IT DEPENDS—Not All International Data Plans Are Overpriced
We've covered enough travel data disasters to understand the skepticism. But here's what our testing and FTC consumer complaint data reveal: sweeping statements about international data plans being universally terrible oversimplify a nuanced choice. The real answer depends on your destination, stay length, and which carrier you use.
The myth
The claim circulating on travel forums is straightforward: international data plans—whether daily passes, weekly bundles, or monthly roaming rates from your home carrier—are always exorbitant ripoffs. The advice is absolute: always buy a local SIM card instead. This myth gained traction in the early 2010s when international roaming truly was brutal, and it's held on despite carriers overhauling their pricing. Many travel bloggers still repeat it without testing current rates.
What's actually true
First, the historical context: the FTC and various international telecom regulators (including the European Commission's roaming regulations) have documented genuinely predatory roaming rates in the past. Charges of $5–$10 per megabyte were not uncommon. But that landscape has shifted.

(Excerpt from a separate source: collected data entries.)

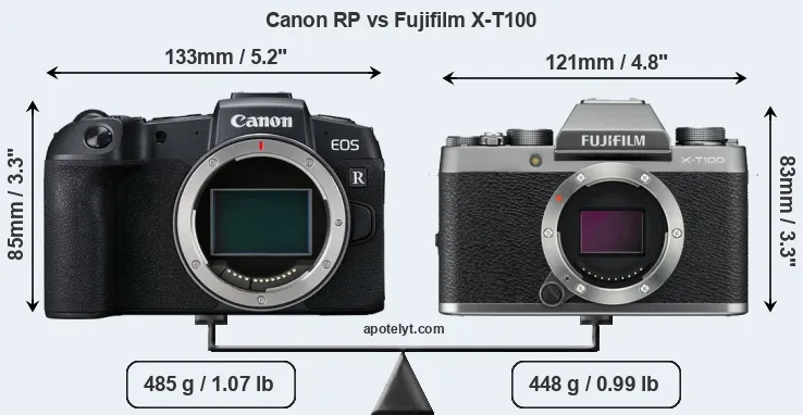 The side-by-side display below illustrates the physical size and weight of the Canon RP and the Fujifilm X-T100. The two cameras are presented according to their relative size. Three successive views from the front, the top, and the rear are shown. All width, height and depth measures are rounded to the nearest millimeter.
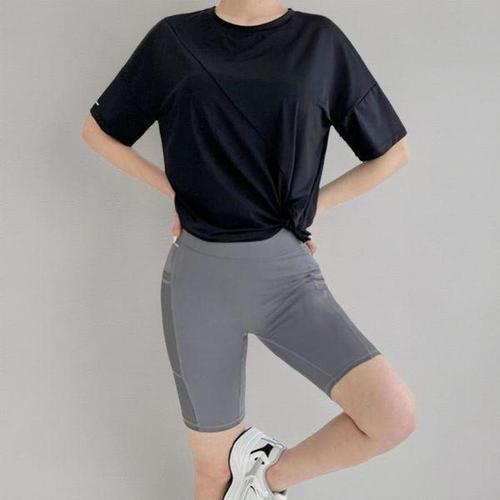 [미라클세븐]여성용 루즈핏 쿨링 반팔 티셔츠와 스판 5부 레깅스 세트
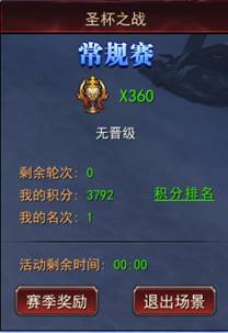 l 圣杯积分:每次活动的积分都是单独的,积分排名只在自己赛级(常规、晋级、总决赛)内对比,积分相同时,先达到积分的玩家排名靠前,每个赛季以玩家一赛季共获得多少积分发放奖励;
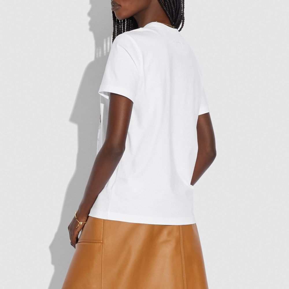 Crafted of certified organic cotton made without the use of harmful chemical fertilizers and pesticides, this T-shirt is part of Coach Forever, a collection inspired by our commitment to rethinking and reducing our impact on the planet. The classic-fit style features an abstract dreamscape of colorfully embroidered doodles and “diary” words.
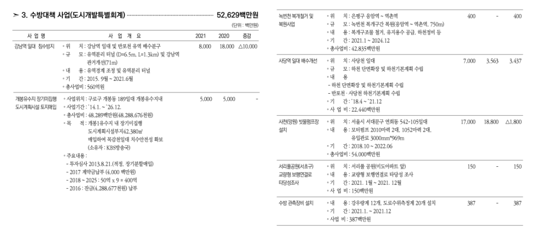 그 가운데 2021년 수방대책 사업의 예산(526.2억 원)
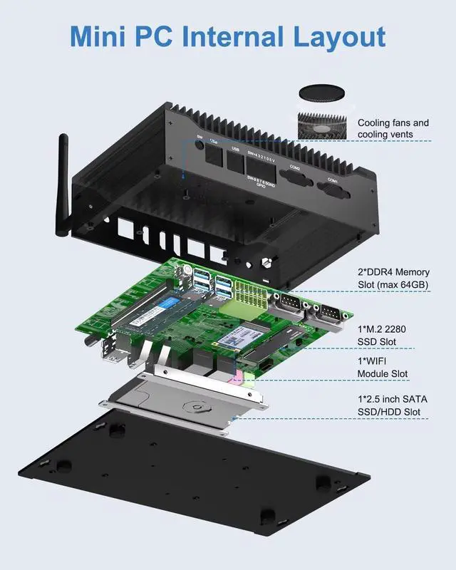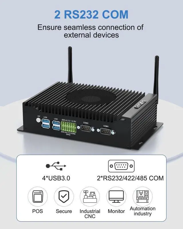 CPUCore i7-10510U Processor (4 Cores 8 Threads, Base Frequency 1.80GH z, up to 4.9GH z)GraphicsUHD GraphicsMemory2 x DDR4 SO-DIMM memory slots, up to 64GB RAMStorageSupport 1 x M. 2 2280 SSD, 1 x SATA 3.0 for 2.5 inch HDD/SSDLAN2 x RJ45 LANDisplay1 x HD 1.4 4K 30Hz, 1 x HD 2.0 4K 60Hz (video only), 1 x DP 1.2 4K 60HzUSB4 x USB 3.0, 2 x USB 2.0COM 2 x RS232 COM (support RS232/RS422/RS485)GPIO1 x 14 pin GPIO (default GPIO 0-4 Output, GPIO 5-9 Input)WiFi & BTDual Band WiFi + BT; support 3G/4G Module (not included) and SIM Card (not included) Power12V 6A, DC 5.5 x 2.5MMO perating SystemWin 11 Pro, Win10 Pro, LinuxSize & Weight220mm x 127mm x 60mm / 8.66 x 5 x 2.36 inches; 1.15 kg / 2.53 lbCase MaterialAluminum Alloy + Cooling Fan, Efficient heat dissipationOther FunctionsSupport Auto Power On, Wake on LAN, PXE (Legacy), WatchdogBios Setup/Boot MenuDelete key to enter Bios Setup, F11 key to enter Boot Menu 1Powerful Performance2Extensive Port3Expandable RAM & SSD42 RJ45 LAN BASOARO Rugged Industrial PC Mini PC Win 11 Pro Specification
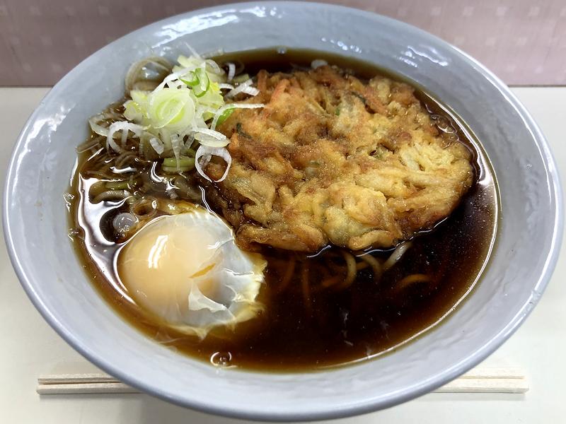 そんな中からディスプレイにタッチするイマドキの券売機で食券を購入したのは、個人的定番のこちらの品。素早い調理で手渡されたのですが、早速、色が黒ぐろとした(ただ、写真は実物より更に黒っぽい色になってしまいまして……。)ツユからいってみたところ、出汁感はそれなりにあり、さらに甘味が効いた優しめの口当たりなのですが、塩気もしっかり濃い、生卵にも負けない個人的にかなり好みのタイプですね。またソバは茹で麺で、太さは中くらい。プリっとした歯ざわりでした。そしてかき揚げは、サクっやフワっ、カリっというよりも、若干シナモサっとした食感ですが、ツユとの馴染みは良いですね。
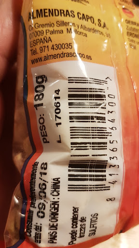 I bought Cacahuetes which schould be eatable till 8 month in the future. I tasted them, ranzios, sorry realy bad peanuts from china. I gave to the shop attendant from lluc to taste and to other aborigines from Mallorca. All of them shocked of the bad taste. I visited the Production location with shop at Palma. They changed the rancid package. Now I have in direct compair peanuts from Holland, Duyvis, far the best taste. From Zaragoza, Xanos, eatable but not good. Finaly Capo Cacahuetes, even the peanuts from new pachage taste bad. Perhaps they use Chinese bad...
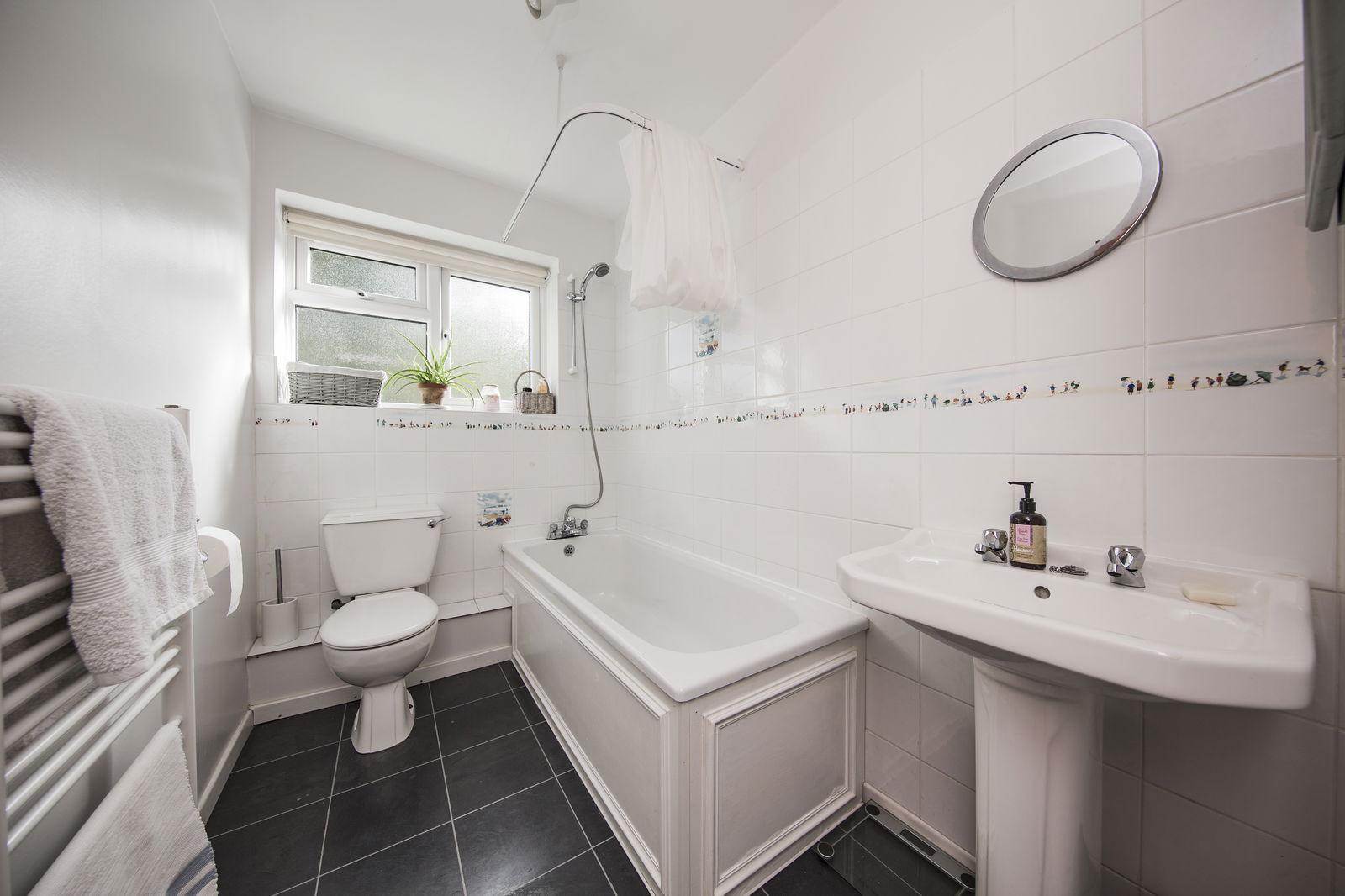 FAMILY BATHROOM: Panelled bath with shower attachment over and tiled surrounds, dual flush low-level wc, pedestal wash hand basin. Heated towel rail and tiled flooring.
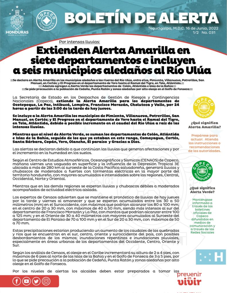 InicioACTUALIDADExtienden alerta amarilla en siete departamentos y alerta verde en el resto...
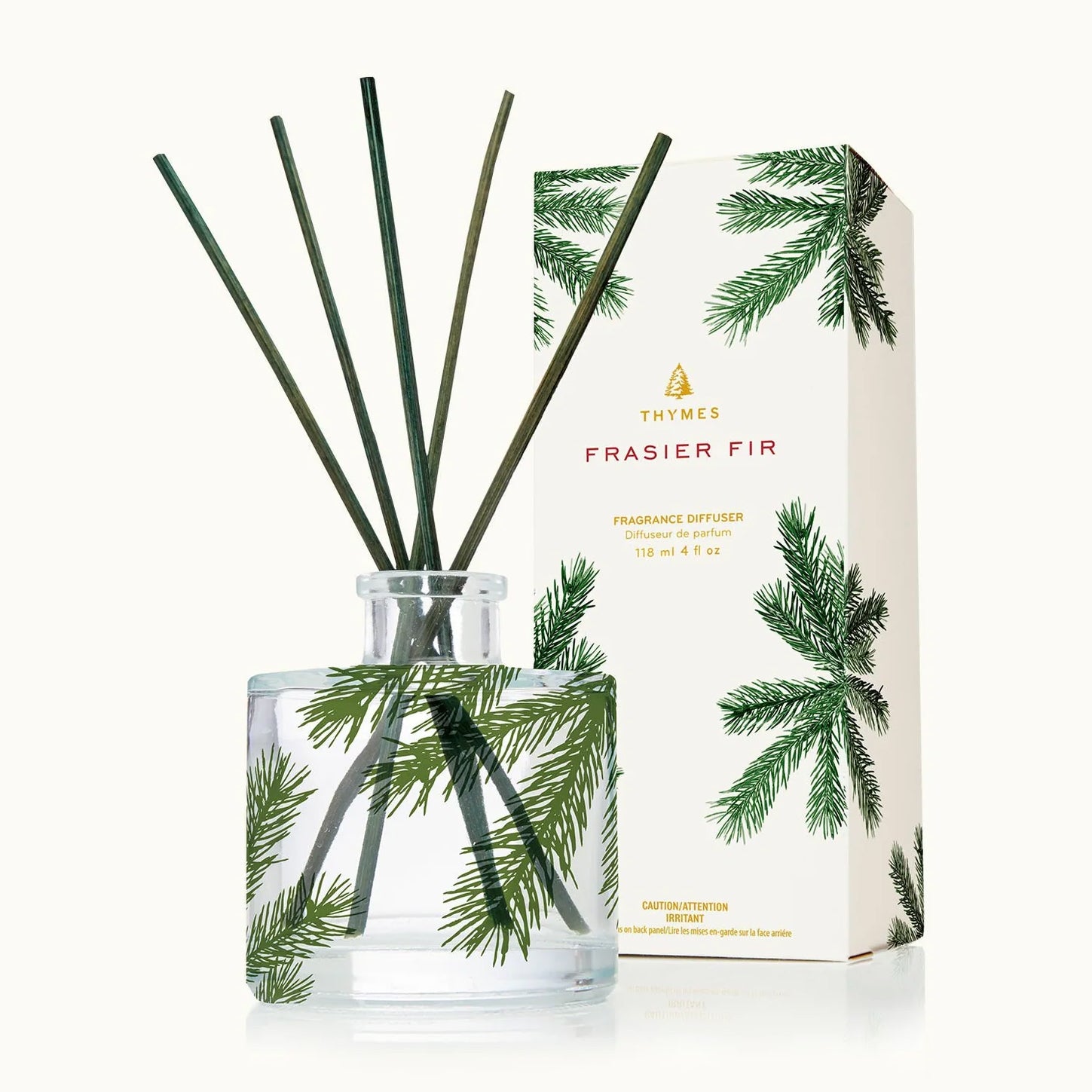 - Thymes Frasier Fir Reed Diffuser. The scent of pine, cedarwood and sandalwood never fails to give that welcome feeling of warmth and joy. 4 oz

For major carriers in developed markets: American carriers like Verizon, AT&T, and T-Mobile have rolled out monthly international plans ($10–$12/day for Verizon and AT&T; T-Mobile includes 2G data in 210+ destinations at no extra charge). These rates are now often competitive with—or cheaper than—local SIMs once you factor in activation fees, time to purchase, and small data allowances.
Local SIM advantages (where they're real): In many Southeast Asian, African, and South American destinations, local prepaid SIMs can offer gigabytes for $5–$15 and are genuinely cheaper for extended stays (7+ days). Carriers like AIS (Thailand), Globe (Philippines), and MTN (South Africa) offer excellent value. However, this requires: unlocked phones, comfort with unfamiliar networks, and time to purchase and set up before you need connectivity.
The hidden costs of local SIMs: According to BBB complaint data and traveler surveys, local SIM friction includes activation delays, language barriers, weak coverage outside major cities, and the genuine security risk of handing over identification documents in unfamiliar countries. You're also losing access to your home number for two-factor authentication—a real security headache for banking and apps.
When roaming plans win: For trips under 5 days, frequent travelers who need reliable coverage, or destinations where local SIMs offer poor coverage outside tourist zones (think Iceland, parts of rural Europe, or premium Caribbean resorts), your carrier's plan is often the smarter buy. A 4-day London trip with Verizon's $12/day pass ($48) beats scrambling for a Vodafone SIM in Heathrow.
Regional variations matter: European carriers now offer EU roaming regulations requiring carriers to charge domestic rates across the bloc—a game-changer. In Asia-Pacific, local SIMs genuinely dominate on price. In the Middle East and parts of Africa, where SIMs require extensive ID verification and local SIM speeds are unpredictable, your international plan may be safer.
What this means for travelers
Before your next trip, do this: check your carrier's current day-pass or weekly bundle pricing for your specific destination. Compare it to the cost of a local prepaid SIM with realistic data for your stay (not the minimal 500MB tier). Include your time value—if purchasing a SIM costs an hour of your trip, factor that in.
If you're booking a package trip through a site like VacationDeals.to, ask whether group rates or partner carrier discounts apply; some vacpacks bundle discounted roaming or partner-carrier bundles that beat individual rates.
For stays over 10 days in low-cost destinations (Thailand, Vietnam, Colombia), a local SIM usually wins. For city weekends in expensive markets (London, Tokyo, New York), your home carrier's plan is often fine. For stays of 5–10 days, run the actual numbers rather than defaulting to either option.
Bottom line
International data plans aren't automatically rip-offs, and local SIMs aren't always the answer. The myth persists because it was historically true and makes for punchy advice. Today, the real answer is: check your destination, compare specific rates, and factor in your comfort level with setup friction. Smart travelers choose based on data, not dogma.